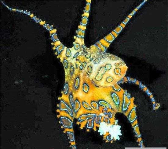 5、蓝环章鱼蓝环章鱼是海洋中最具攻击性的动物之一,它们以身上蓝色的圆滑而得名,如果碰到猎物或者是敌人,他们就会提高警惕。一旦被靠近,他们就会释放毒液,并且这种毒液的毒性极强,分分钟致人死亡,并且目前还没有找到解毒的方法。
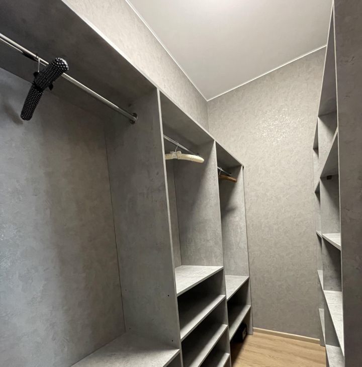 Спальная с гардеробной комнатой и выходом на лоджию; кухня совмещенная с гостиной (полноценный двуспальный диван); совмещенный санузел; прихожая с шкафом-купе.
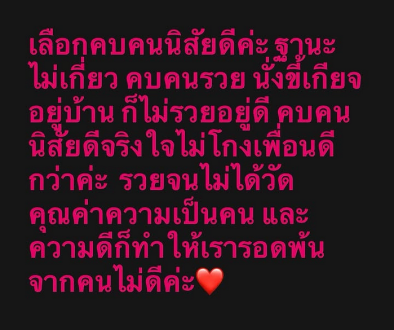 คบคนนิสัยดีจริงใจไม่โกงเพื่อนดีกว่าค่ะ รวยจนไม่ได้วัดคุณค่าความเป็นคน และความดีก็ทำให้เรารอดพ้นจากคนไม่ดีค่ะ ชั้นคิดแบบนี้ค่ะ ชีวิตอีชั้นก็สุขใจดีนะคะ โดยมีคนในวงการต่างคอมเมนต์เห็นด้วยกันอย่างมาก
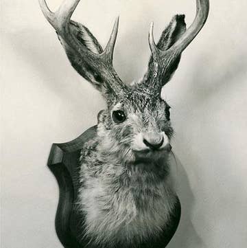 Carl the Jackalope is a 5x7 hand-printed linocut original by Bria Hammock. Each piece is hand-carved, inked, pulled, and signed—packaged in a clear sleeve with chipboard backing, ready to display. Made in the USA. Weight: 1 oz (28.35 g).
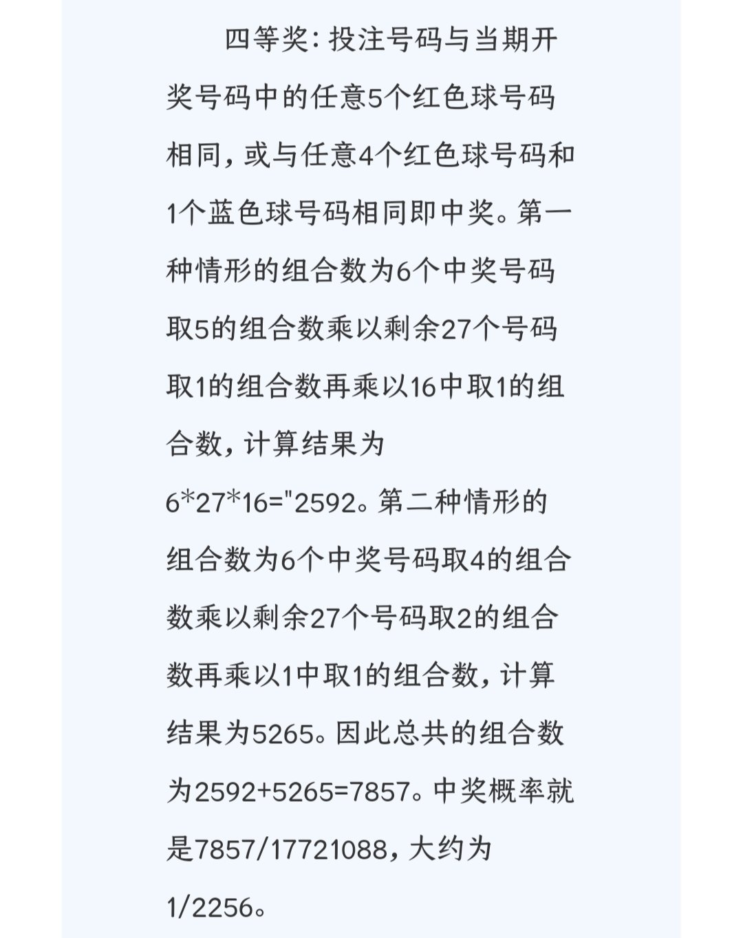 然後是和現實生活相關的概率,根據互聯網統計信息查詢,雙色球四等獎的概率大概爲0.044%(萬分之4.4),獎金約爲200元
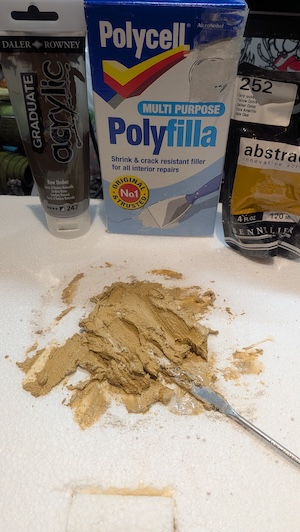 I made a rail out of fancy bamboo cocktail sticks and chain (you don’t want to fall off a height when you’re visiting your ancestors) and added a texture slurry of polyfilla, pva glue and craft paint.
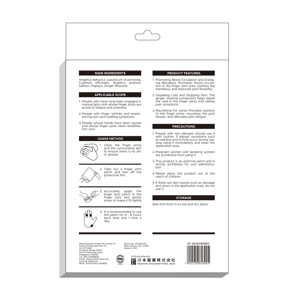 - Accurately apply the finger joint patch to the finger joint and gently press to make it fit tightly.
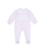 Dit schattige velours boxpakje van Deolinda is lichtroze van kleur versierd met kleine stipjes. Het pakje heeft een rond katoen wit kraagje en een witte smok band over de borst lopen, deze smok band is versierd met roze borduursel en super lieve luchtballonnen, wat op dit moment een zeer populair thema is. Het babypakje heeft voetjes en lange mouwen, de lange mouwen hebben hebben elastiek waardoor de uiteinden sierlijk uitlopen, ook vind je hier een klein wit strikje als subtiel mooi detail.

[ASSIGNED TASK]
Return word for word the lines from the beginning of the entries through the line that contains "- Accurately apply", both ends included, but no pictures.

[WORKED SOLUTION]
 5、蓝环章鱼蓝环章鱼是海洋中最具攻击性的动物之一,它们以身上蓝色的圆滑而得名,如果碰到猎物或者是敌人,他们就会提高警惕。一旦被靠近,他们就会释放毒液,并且这种毒液的毒性极强,分分钟致人死亡,并且目前还没有找到解毒的方法。
 Спальная с гардеробной комнатой и выходом на лоджию; кухня совмещенная с гостиной (полноценный двуспальный диван); совмещенный санузел; прихожая с шкафом-купе.
 คบคนนิสัยดีจริงใจไม่โกงเพื่อนดีกว่าค่ะ รวยจนไม่ได้วัดคุณค่าความเป็นคน และความดีก็ทำให้เรารอดพ้นจากคนไม่ดีค่ะ ชั้นคิดแบบนี้ค่ะ ชีวิตอีชั้นก็สุขใจดีนะคะ โดยมีคนในวงการต่างคอมเมนต์เห็นด้วยกันอย่างมาก
 Carl the Jackalope is a 5x7 hand-printed linocut original by Bria Hammock. Each piece is hand-carved, inked, pulled, and signed—packaged in a clear sleeve with chipboard backing, ready to display. Made in the USA. Weight: 1 oz (28.35 g).
 然後是和現實生活相關的概率,根據互聯網統計信息查詢,雙色球四等獎的概率大概爲0.044%(萬分之4.4),獎金約爲200元
 I made a rail out of fancy bamboo cocktail sticks and chain (you don’t want to fall off a height when you’re visiting your ancestors) and added a texture slurry of polyfilla, pva glue and craft paint.
 - Accurately apply the finger joint patch to the finger joint and gently press to make it fit tightly.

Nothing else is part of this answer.